Overexpression of this gene contributes to Dup15q syndrome, which affects 1 in 5,000 individuals, and its absence leads to Angelman syndrome. Both syndromes are profound neurodevelopmental conditions that could co-occur with autism, epilepsy and severe intellectual disability.
To design and test a new therapy targeting the UBE3A gene, Wang is working with researchers from the MIND Institute and UC Berkeley’s Murthy Lab, as well as the UC Davis Center for Surgical Bioengineering, where he serves as co-director.

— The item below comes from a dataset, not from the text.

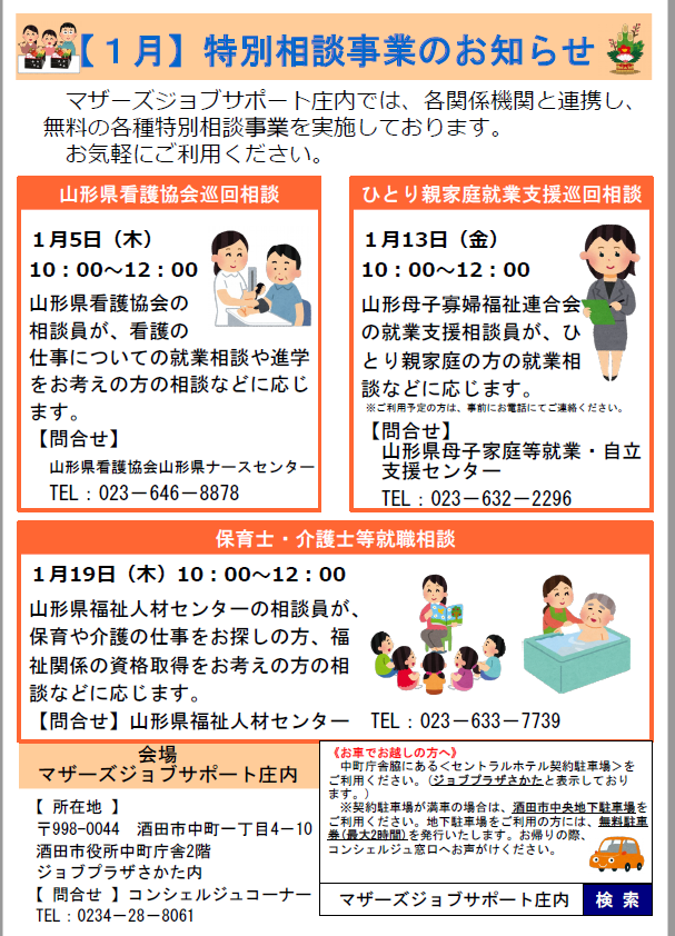 マザーズジョブサポート庄内では、各関係機関と連携し、各種特別相談事業を実施しております。ぜひ、ご利用ください。  山形県看護協会巡回相談 【要予約】日 時   1月5日(木)10:00〜12:00場 所  マザーズジョブサポート庄内 セミナールーム問合せ  山形県看護協会 пF023-646-8878HP:http://www.nurse-yamagata.or.jp/ 看護の仕事への復職をお考えの方、お気軽にご相談ください。    保育士・介護士等就職相談 ※お申し込み不要日 時  1月19日(木)10:00〜12:00場 所  マザーズジョブサポート庄内 セミナールーム問合せ  山形県福祉人材センター      пF023-633-7739HP:http://www.ymgt-shakyo.or.jp/jinzai/保育士・介護士・看護師など資格をお持ちの方や、資格取得を目指している方、福祉職にご関心のある方は、お気軽にお越しください。  ひとり親家庭就業支援相談 [要予約]日 時 1月13日(金)10:00〜12:00場 所 マザーズジョブサポート庄内 セミナールーム問合せ 山形県母子家庭等就業・自立支援センター     пF023-632-2296HP:http://www.y-boshi.com/self-support/ひとり親家庭の方や今後について考えている方、どうぞお気軽にご相談ください。 ※各相談会について、利用ご希望の方は、マザーズジョブサポート庄内までお気軽にお声掛けください。※ご相談の際、お子さまの託児は『保育ルーム きらきら』をご利用いただけます。託児ルームのご利用には、事前のご登録が必要です。  【駐車場について】お車でお越しの際は、中町庁舎脇にあるセントラルホテル契約駐車場をご利用ください。(ジョブプラザさかたと表示してあります。)※契約駐車場が満車の場合は、酒田市中央地下駐車場をご利用ください。無料駐車券(最大2時間)を発行いたします。お帰りの際に、コンシェルジュ窓口へお声がけください。 ◇お申込み・お問い合わせ◇マザーズジョブサポート庄内TEL:0234-28-8061メールでのお申込みはコチラ

"There is no readily available cure for Dup15q syndrome," Wang said. "Caring for chronically ill children with this condition places a significant emotional and financial burden on their families. The goal of the gene editing therapy we are developing is to one day treat Dup15q in utero so that children are born without the condition."
The project will be funded by a 5-year $3.2 million grant from the National Institutes of Health’s National Institute of Neurological Disorders and Stroke.